■ WORK ITEM: Repeat, word for word, all the data that follows, and exclude the pictures.

BEGIN DATA PROVIDED

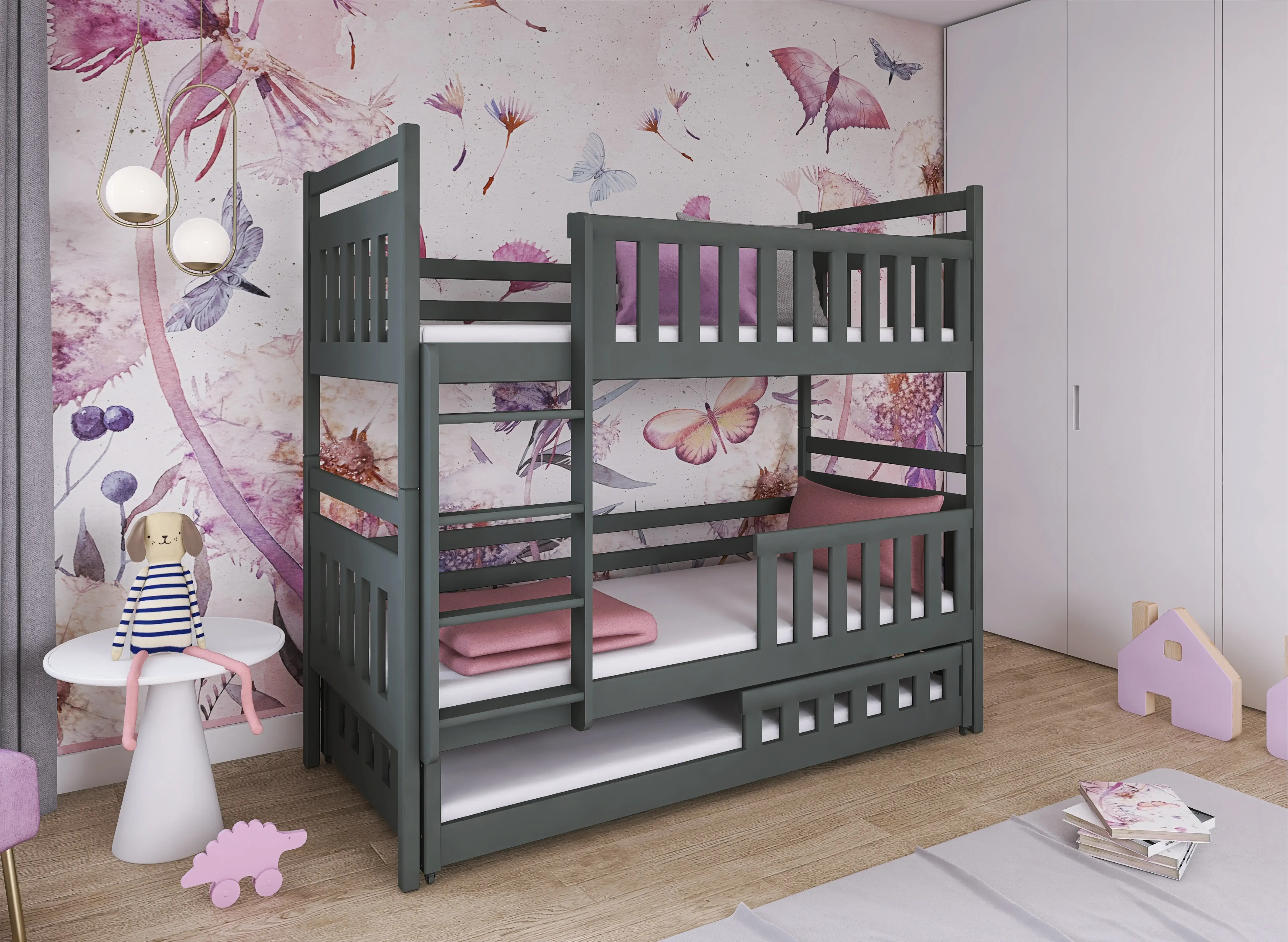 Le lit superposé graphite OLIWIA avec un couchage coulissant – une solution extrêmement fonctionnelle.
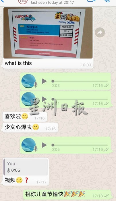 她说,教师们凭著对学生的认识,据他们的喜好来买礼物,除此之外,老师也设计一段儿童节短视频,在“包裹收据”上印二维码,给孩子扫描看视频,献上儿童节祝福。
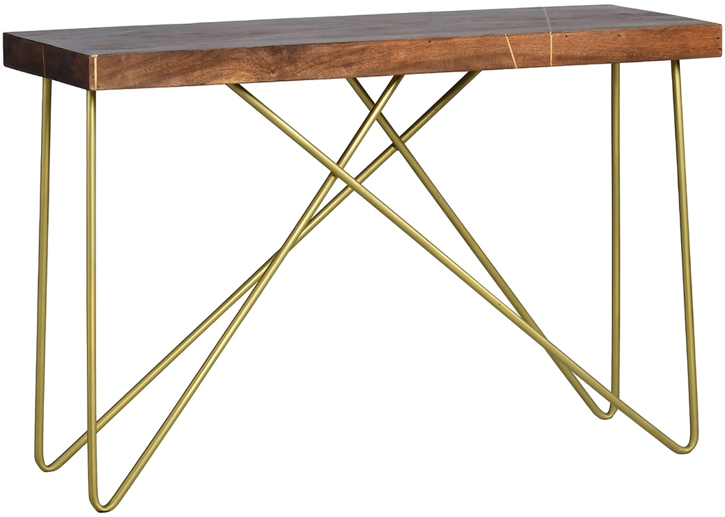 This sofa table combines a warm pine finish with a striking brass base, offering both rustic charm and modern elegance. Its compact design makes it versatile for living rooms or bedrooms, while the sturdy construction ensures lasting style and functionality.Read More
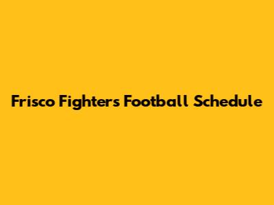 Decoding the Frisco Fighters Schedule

END DATA PROVIDED

■ RESPONSE TO THIS TASK:
 Le lit superposé graphite OLIWIA avec un couchage coulissant – une solution extrêmement fonctionnelle.
 她说,教师们凭著对学生的认识,据他们的喜好来买礼物,除此之外,老师也设计一段儿童节短视频,在“包裹收据”上印二维码,给孩子扫描看视频,献上儿童节祝福。
 This sofa table combines a warm pine finish with a striking brass base, offering both rustic charm and modern elegance. Its compact design makes it versatile for living rooms or bedrooms, while the sturdy construction ensures lasting style and functionality.Read More
 Decoding the Frisco Fighters Schedule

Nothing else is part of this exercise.